Find out whether infinity is a regular point, an essential singularity, or a pole (and if a pole, of what order) for each of the following functions. Find the residue of each function at infinity, $\frac{\mathbf{z}}{{\mathbf{z}}^{\mathbf{2}}\mathbf{+}\mathbf{1}}$.

Short answer

The resultant answer $z=\infty$ is regular point of, f(z) . Order of the pole here is 2 and .$\mathrm{z}=\infty \mathrm{Re}{\left|\mathrm{f}\left(\mathrm{z}\right)\right|}_{\mathrm{z}=\infty }=-1$

Step-by-step solution

Concept of Residue at infinity:

If a function is not analytic at z = a then f(z) has a singularity at z = a.

Order of pole is the highest no of derivative of the equation.

Residue at infinity:

$Res\left(f\right(z),\infty )=-Res\left(\frac{1}{z^2}f\left(\frac{1}{z}\right),0\right)$

If $\underset{\left|z\right|\to \infty }{\lim }f\left(z\right)=0$then the residue at infinity can be computed as:

$Res(f,\infty )=-\underset{\left|z\right|\to \infty }{\lim }z.f\left(z\right)$

If$\underset{\left|z\right|\to \infty }{\lim }f\left(z\right)=c\ne 0$ then the residue at infinity is as follows:

$Res(f,\infty )=\underset{\left|z\right|\to \infty }{\lim }{z}^2.f\text{'}\left(z\right)$

Simplify the function:

Function is given as.$\frac{z}{z^2+1}$

Singularity can be check by equating denominator equals to 0 .
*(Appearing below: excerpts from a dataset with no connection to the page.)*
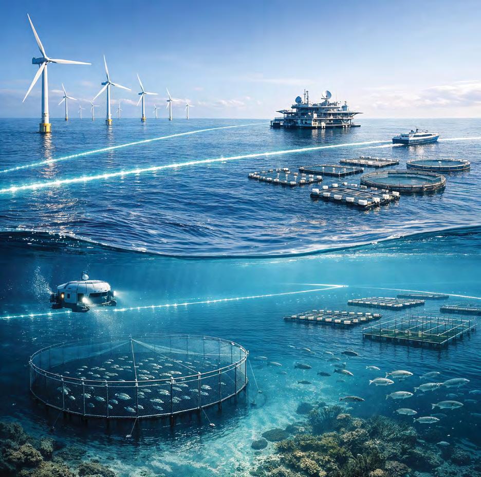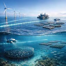 oceanos: mudanças demográficas, o clima e o ambiente, a geopolítica, a transformação do sistema energético e as tecnologias e digitalização. As conclusões apresentadas mostram que o setor continuará a crescer, mas a um ritmo mais lento que em décadas anteriores, prevendo vários cenários ligados à velocidade de transição mais para políticas sustentáveis. Nos próximos anos espera-se a continuidade de uma política de transição energética, com a expansão da capacidade da energia éolica offshore até 2030 (atualmente de 83 gigawatts, de acordo com o Conselho Global de Energia Eólica), o crescimento da aquacultura (embora a um ritmo mais lento que nas últimas décadas) e o fortalecimento de acordos para a conservação marítima e sustentabilidade dos oceanos.
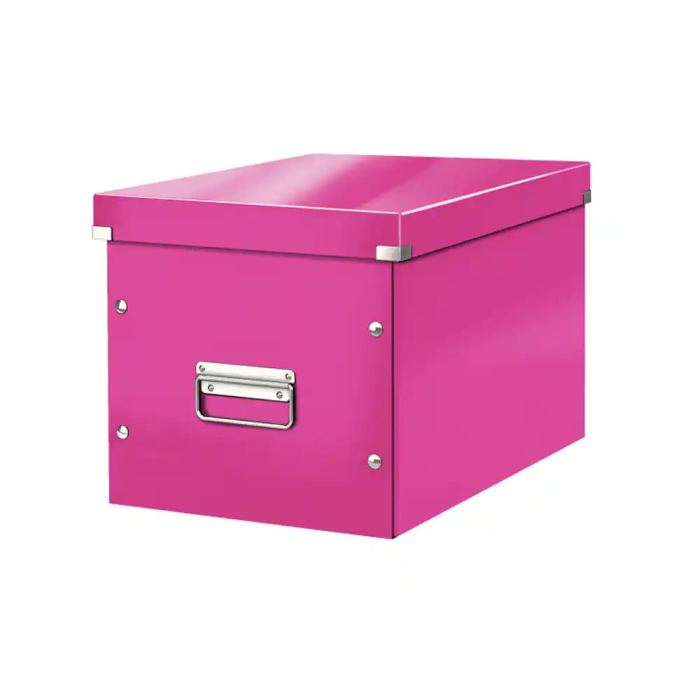 Leitz Caja Click&Store Cubica Grande Fucsia 320x360x310 mm Contenedor de Almacenamiento con Asas Metálicas Plegable Cartón Reciclado
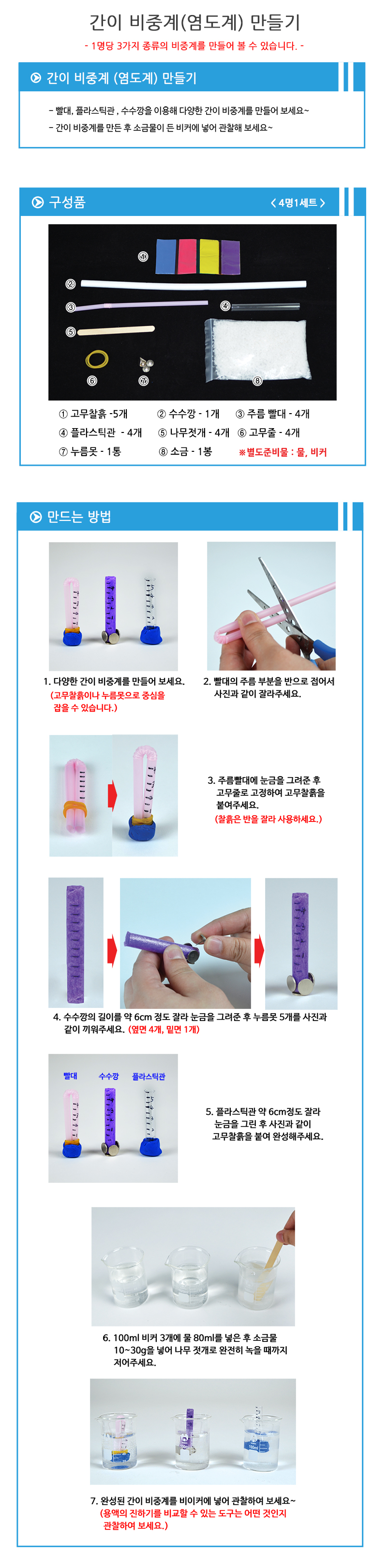 | 품명 및 모델명 | [와니사이언스] 간이 비중계(염도계) 만들기(3종, 4명 세트) |
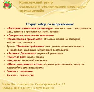 Внимание❗ В Комплексном центре социального обслуживания населения, в социально-реабилитационном отделении, для граждан пенсионного возраста и лиц с ограниченными возможностями идет набор в группы по всем направлениям.

$\begin{array}{rcl}{z}^2+1& =& 0\\ z^2& =& -1\\ z& =& \pm i\end{array}$

Singularity is at $\begin{array}{rcl}& & \pm i\end{array}$.

Assuming that at $\begin{array}{rcl}z& =& 0,f\left(z\right)\end{array}$exists.
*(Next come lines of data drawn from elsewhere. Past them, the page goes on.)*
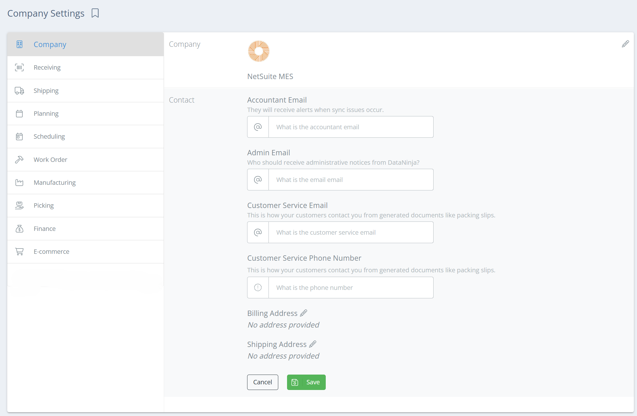 Every company has it's own way of handling inventory and processes. In addition to specific settings on parts, BOMs, orders, etc., DataNinja offers broad settings for receiving, shipping, and more.
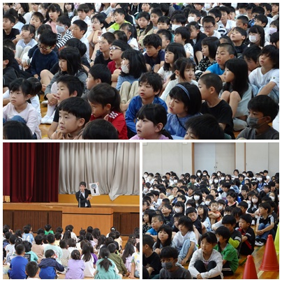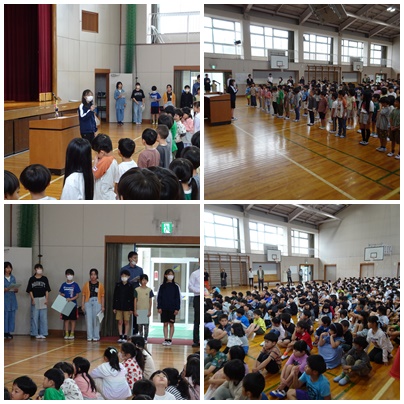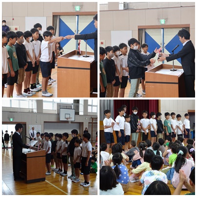 はじめに児童会役員からの緑の募金のお礼です。目標の3倍ほど集まったそうです。次に長根FCの表彰です。新人戦U12で準優勝に輝きました。おめでとうございます。校長からはいろいろなことを見付けるのが得意になるようにと、「ミツケータ君」の紹介をしました。たくさん見付けて、見付けたことを調べてみようとする気持ちを育てていきたいです。
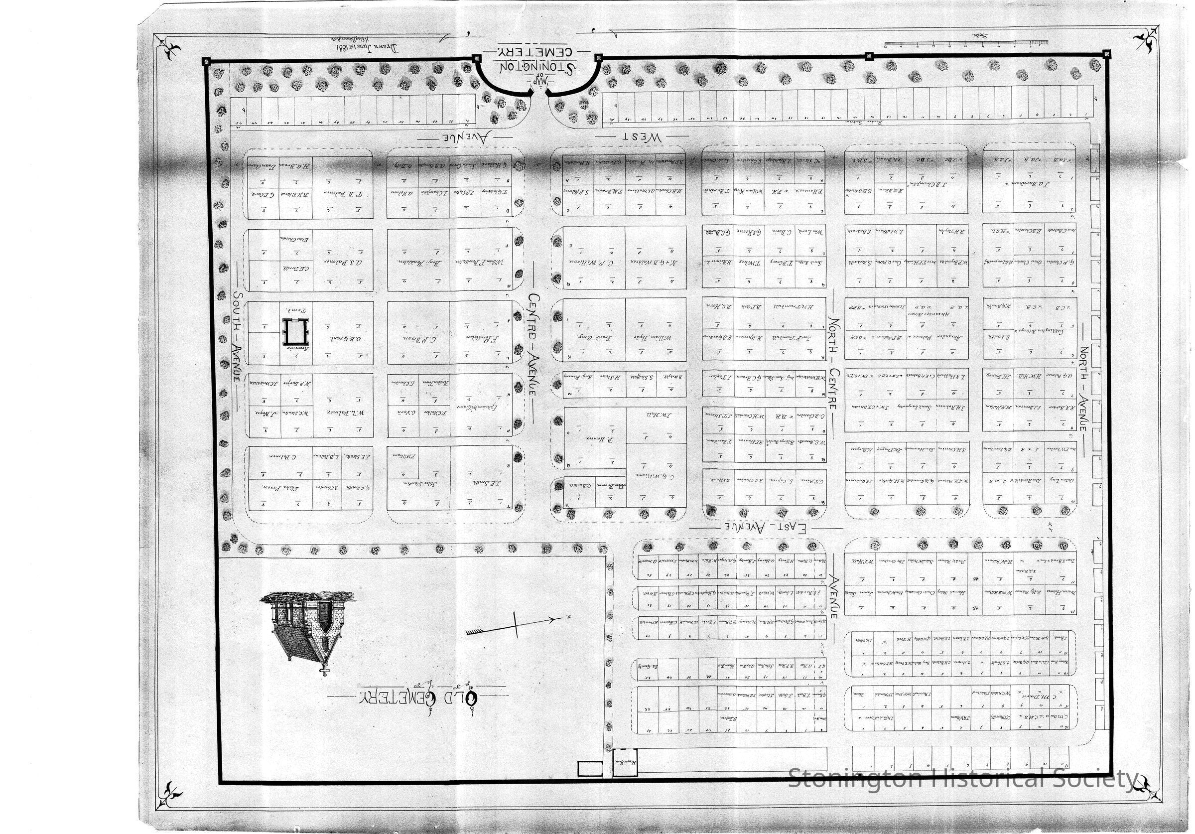 Technical drawing of Stonington Cemetery done June 1 1881 by H. Clay Palmer, Art.
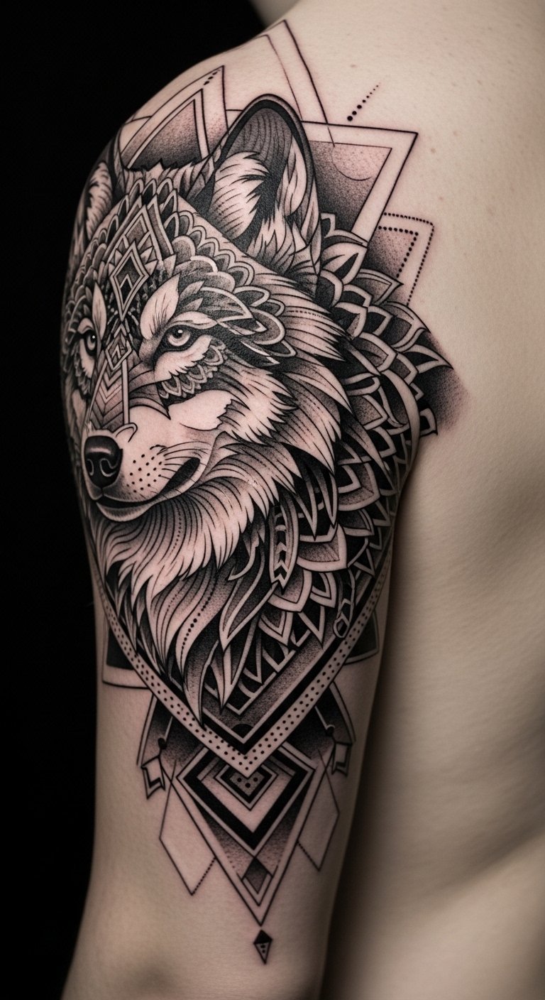 Majestic Geometric Wolf Tattoos

So, from the definition of regular point:

z = 0 is regular point of f(z).

$\begin{array}{rcl}z& =& \infty \end{array}$ is regular point of f(z) .

Order of the pole here is 2.

Since, the function can differentiate up-to 2nd derivative after that function is equals to 0 .

Find the residue of the function at ∞ :

$Re{\left|f\left(z\right)\right|}_{z=\infty }=-Re{\left|g\left(z\right)\right|}_{z=0}$ …… (1)

Where,.$g\left(z\right)=\frac{1}{z^2}f\left(\frac{1}{z}\right)$

Finding g(z) first as follows:

$$\begin{gathered} g\left(z\right)=\frac{1}{z^2}f\left(\frac{1}{z}\right) \\ =\frac{1}{z^2}\left(\frac{{\displaystyle \frac{1}{z}}}{\frac{1}{z^2}+1}\right) \\ =\frac{1}{z^2}\left(\frac{{\displaystyle z^2}}{z(z^2+1}\right) \\ =\frac{1}{z^3+z} \end{gathered}$$

Since,

$\begin{array}{rcl}\mathrm{Re}\left|\mathrm{g}\left(\mathrm{z}\right)\right|& =& \mathrm{co}\mathrm{efficient}\mathrm{of}\frac{1}{\mathrm{z}}\\ & =& 1\\ \mathrm{Re}{\left|\mathrm{f}\left(\mathrm{z}\right)\right|}_{\mathrm{z}=\infty }& =& -1\end{array}$

Hence, $\begin{array}{rcl}z& =& \infty \end{array}$ is regular point of f(z).

Order of the pole here is 2 and $\begin{array}{rcl}Re{\left|f\left(z\right)\right|}_{z=\infty }& =& -1\end{array}$.